• tl;dr sec
  • Posts
  • [tl;dr sec] #112 - re:Invent, Python Security, Cloud Service Provider Mistakes

[tl;dr sec] #112 - re:Invent, Python Security, Cloud Service Provider Mistakes

Round-up articles about re:Invent, examining Python package security, Scott Piper's repo of AWS, GCP, and Azure mistakes and vulnerabilities.

Hey there,

I hope you’ve been doing well!

Academic Humor

I gained a lot from my time in grad school. Like how raw ore gains a lot from being melted down in a kiln at ~1,800 degrees, molded, and struck repeatedly with a hammer until it’s strong.

Periodically I come across some humor about academia that gives me a chuckle. I recently stumbled across this Associate Deans Twitter account that’s pretty good:

And I couldn’t help but laugh out loud at this brutal GIF.

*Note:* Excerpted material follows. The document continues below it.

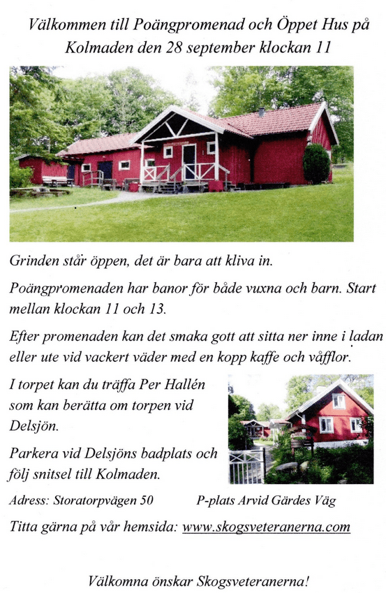 På lördag, 28 september, är det öppet hus på torpet Kolmaden där Skogsveteranerna har sin bas. Jag (Per Hallén) kommer att finnas på plats i stugan och träffa besökare och berätta om Kolmaden och områdets historia. Det finns även möjlighet att köpa böckerna ”Upptäck Skatås” och ”Delsjöskogen”.

If you have any good academia jokes or memes, feel free to send ‘em my way!

🧪 Experimental Results

Some results from my experiments last week.

Table of Contents
Some people preferred I cut it, some didn’t care, but more people wanted it to stay.

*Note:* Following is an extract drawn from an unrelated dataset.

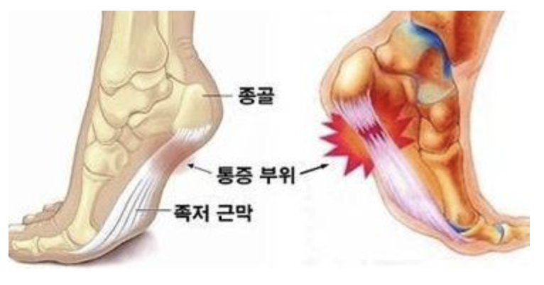 발가락 기저 부위에 붙은 얇지만 강한 섬에 띠를 족저근막이라고 합니다.

Interestingly, the people who wanted it to stay tended to be CISOs, Directors or VPs of Security, or other senior security leaders. I hypothesize this is because they tend to be very busy, so they want to be able to quickly pick out the parts that are most relevant.

Big shout-out to Caleb Sima, who advised me early on to include it.

Sponsors
Despite the fact that I was sweating bullets before sending the last email, nobody flamed me for having a secondary sponsor. In fact, several people reached out and encouraged me to keep it 🤷

A flood of companies kindly expressed interest (thanks so much!), and in probably the next week or two, tl;dr sec will be about half sold out for 2022 🤯

Relatedly, bringing on someone to run sales for tl;dr sec is potentially the best thing I’ve ever done. This way I get to focus on what I love: nerding out over great security work.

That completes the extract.